Senate Democrats derail Ehrlich's environment pick

Buhl nomination rejected

some see her as victim of partisan showdown

March 12, 2003|By Tim Craig and Stephanie Desmon | Tim Craig and Stephanie Desmon,SUN STAFF

After a fierce debate, the state Senate rejected Gov. Robert L. Ehrlich Jr.'s choice for environmental secretary yesterday - the first time in Maryland's modern history that the chamber has refused to approve a governor's nominee to head an agency.

The 26-21 vote against Lynn Y. Buhl followed a week of furious backroom negotiations and aggressive lobbying by the governor as he tried to avert a public and embarrassing setback.

The outcome strained relations between Ehrlich and the Senate, and left some senators angry, even as others said it was a natural consequence of a Republican executive and a Democratic-controlled legislature.

Buhl supporters - and a few of her Democratic foes - say she was the victim of a partisan showdown between Ehrlich and Senate President Thomas V. Mike Miller.
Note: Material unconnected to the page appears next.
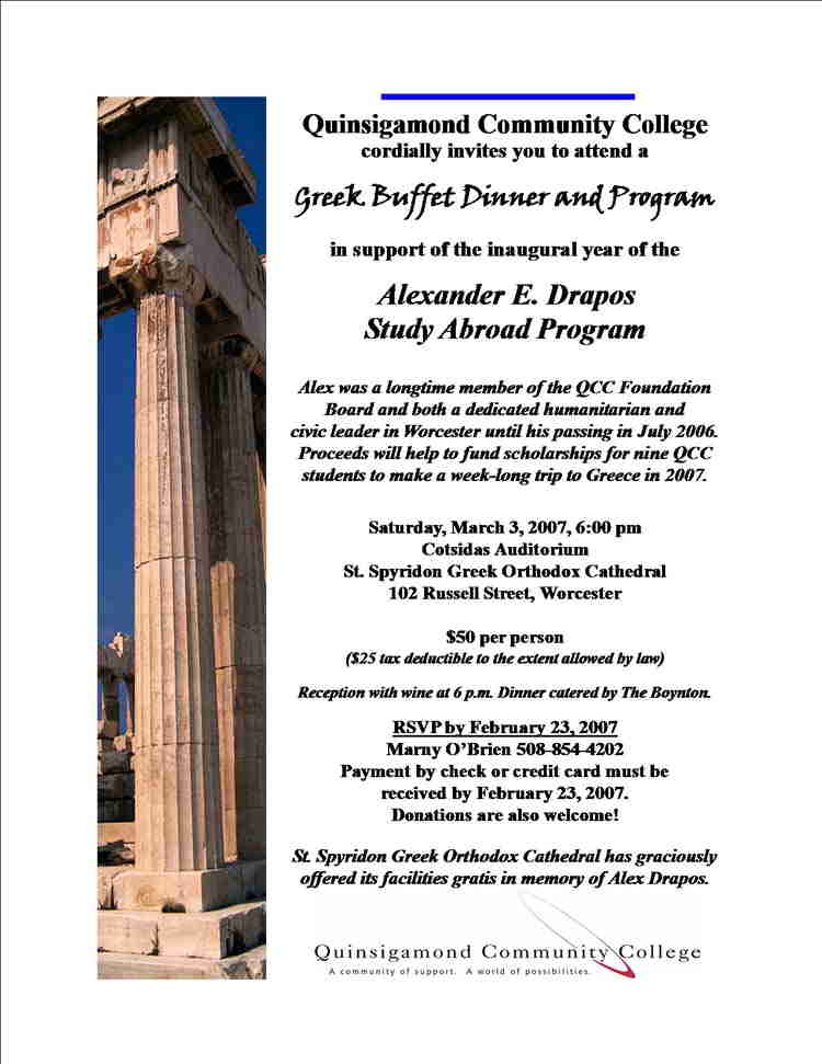 Inaugural Dinner-Program at St. Spyridon Cathedral in Worcester for Alexander E. Drapos Memorial Study Abroad Scholarship Fund at Quinsigamond Community College--Flyer (JPEG

"This wasn't about Lynn Buhl," said Sen. Thomas M. Middleton, a Charles County Democrat who voted against Buhl. "This was about power and a standoff between the governor and president."

Miller declined to say he pressured his caucus to oppose Buhl but lambasted the way Ehrlich handled the nomination. "He has imported right-wing partisans from Capitol Hill. They all want to make war instead of trying to broker an honest settlement," Miller said.
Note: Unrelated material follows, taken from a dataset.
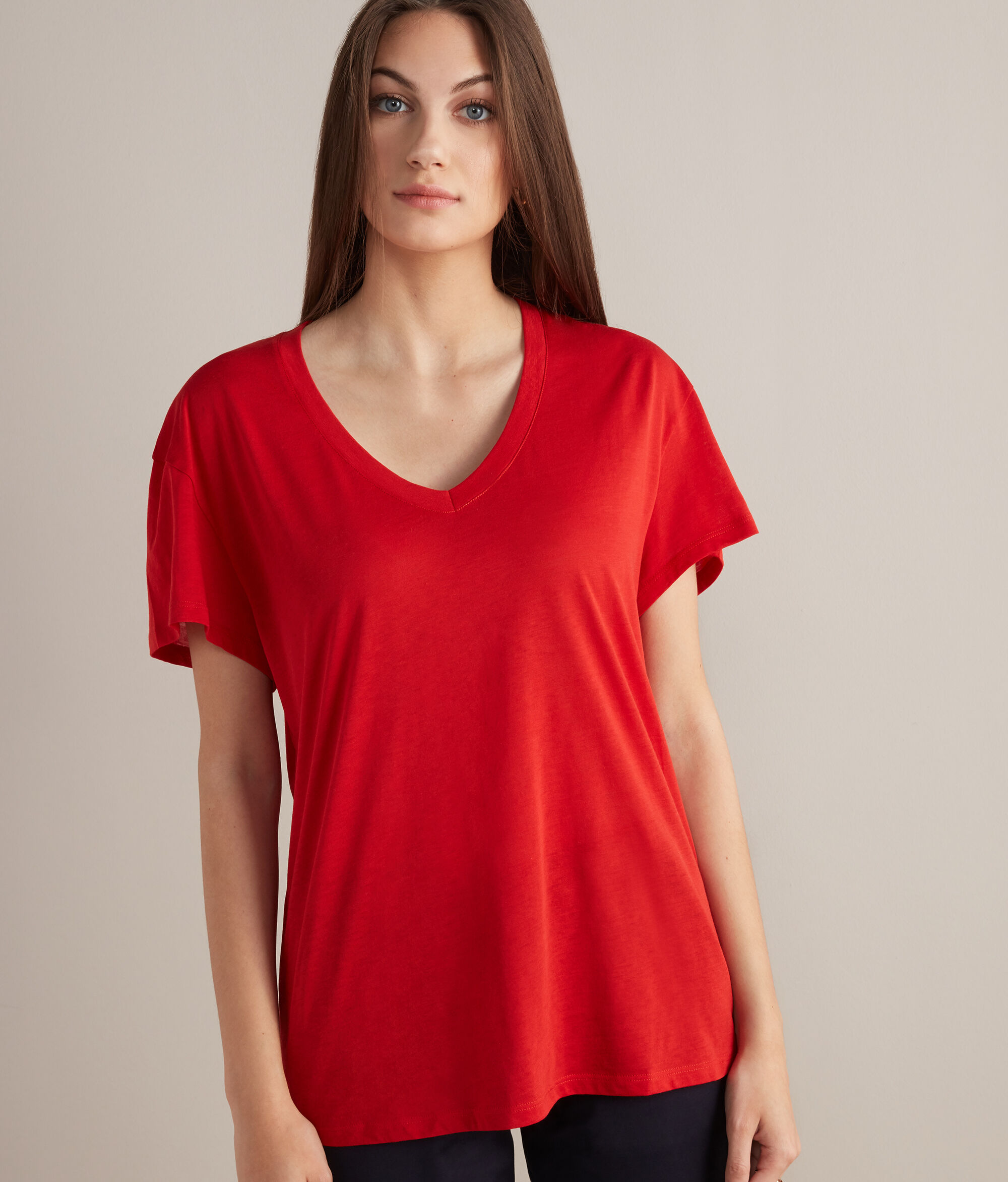 T-Shirt mit V-Ausschnitt aus Fresh Seide

But Ehrlich accused Senate Democrats of being the ones who brought Washington-style politics to Annapolis. "Do I think it's the first hiccup in a partisan road, the Capitol Hill politics we tried not to bring here? Of course," he said.

The dispute follows Miller's unsuccessful efforts over the weekend to orchestrate a deal between Ehrlich and Sen. Brian E. Frosh, a Montgomery County Democrat who led the effort to defeat Buhl.
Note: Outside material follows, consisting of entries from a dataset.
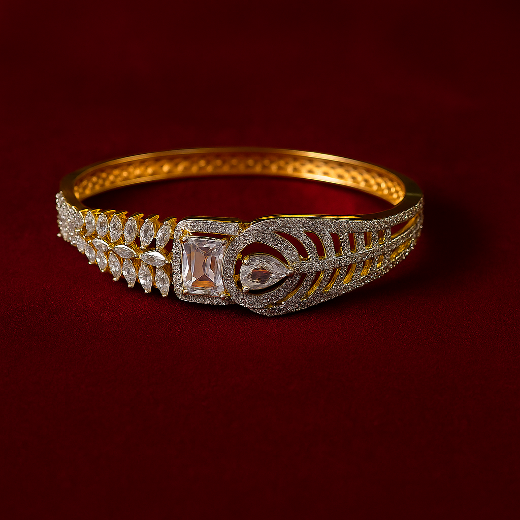 Step into the spotlight with the Crystal Peacock Feather Bangle Bracelet, a symbol of refined elegance and craftsmanship. Featuring a peacock feather-inspired motif adorned with high-shine American diamonds, this bracelet is a statement piece in every sense. A square-cut and teardrop diamond-like crystal take center stage, encased in a rich gold finish, making it perfect for bridal wear, festivities, or luxurious gifting.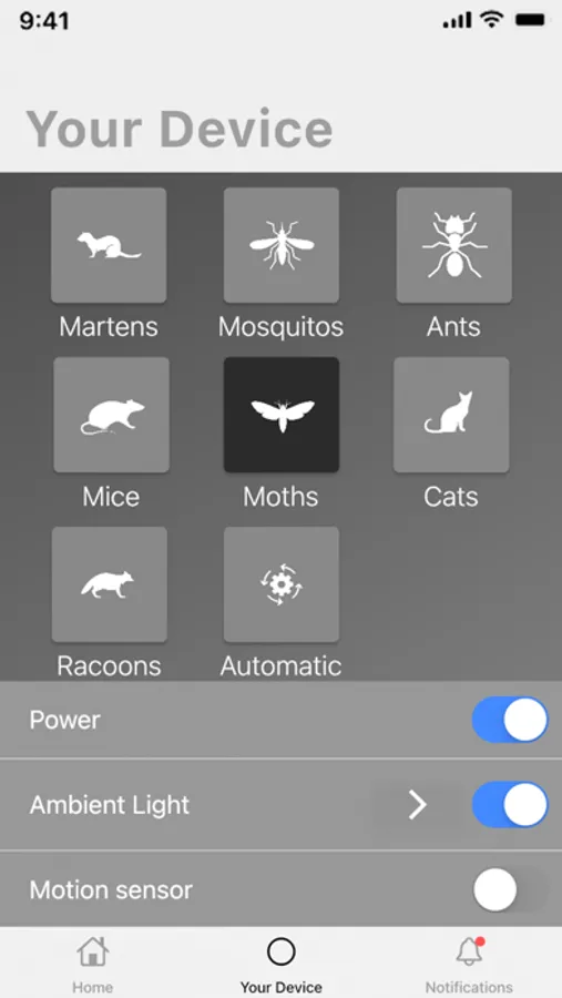 The IRepell App allows to connect your phone with the Irepell device . With the APP you can change the mode of the device and also you get notifications of the device status on your phone. Also the temperature and humidity of the device sensor is show on the app.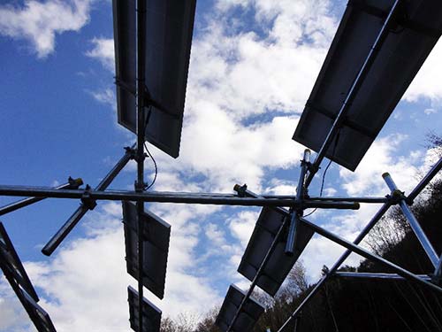 架臺由單管組合建成;A(chǔ)為螺旋樁(直徑為76.3㎜),鉆樁深度為1.6m。樁基到電池板架臺的支柱(直徑為60.5㎜)的高度為3.6m,以橫向3.5m、縱向3.75m的間隔垂直設(shè)置。安裝電池板的橫向(梁)單管(直徑為48.6㎜)附有轉(zhuǎn)桿,可以用來調(diào)整每個陣列的電池板設(shè)置角度。

After Ehrlich rejected Frosh's offer - which included keeping Buhl as a temporary Cabinet secretary until next year - Democrats set out to derail the nomination yesterday morning.

Buhl will remain acting secretary until she leaves or another nominee is named, which "is not going to happen in the near future," said Paul E. Schurick, an Ehrlich spokesman.

When Buhl leaves or transfers to another state job, Deputy Secretary Kendl P. Philbrick will probably run the department.

Buhl would not comment after the vote but issued a brief statement thanking her supporters. A department spokesman said she is "going to take a few days off" while she decides what to do next.

Seven Democrats joined the entire Republican caucus in voting to confirm Buhl. But Buhl's nomination suffered a critical blow after three Democrats who supported her March 3 - when the Senate Executive Nomination's Committee voted 10-9 to oppose her - switched their votes yesterday.

Middleton, one of the three senators who turned against Buhl, said he switched his vote at Miller's urging. "There is a war going on, and when the chiefs go to war they call on the braves," the Finance Committee chairman said.

Two Anne Arundel County Democrats - Sens. James E. DeGrange Sr. and Philip C. Jimeno - also switched their votes to oppose Buhl.

On the other side, Sen. Delores G. Kelley, a Baltimore County Democrat, voted against Buhl in committee but supported her yesterday.

Kelley said she was demonstrating her frustration with how Senate leaders handled the fight. "This is just a whole lot of foolishness going on. It is being done to show the strength of the Senate and to leverage other deals," Kelley said.

The Buhl nomination has consumed much of the administration and Senate for the past week as the governor and environmentalists fought over her selection.

Frosh and environmentalists argued that Buhl was not qualified to lead Maryland's agency because she had been a mid-level administrator in the Michigan Department of Environmental Quality. That department has been criticized for its lax enforcement of environmental laws and its ties to business.

But the governor has maintained that he has the right to appoint his own people and that Buhl is qualified to lead an agency charged with protecting the state's air and water.

In a two-hour debate yesterday, senators hurled accusations of partisanship back and forth and argued over whether Buhl was the right choice to oversee Maryland's environment.

Buhl and her family sat in the Senate gallery as one Democratic senator after another stood up to punch holes in her resume and her commitment to environmental protection. She began the morning wearing a fixed smile, which seemed to fade as the debate progressed.

"This nomination has gotten off on the wrong foot, and it has limped, staggered and lurched ever since," Frosh said.

Frosh argued that Buhl had failed to adequately prove she would not bring Michigan's environmental policies to Maryland

"It reminds me if you were looking for a baby sitter ... [and] her immediate past employer was the Addams Family," Frosh said.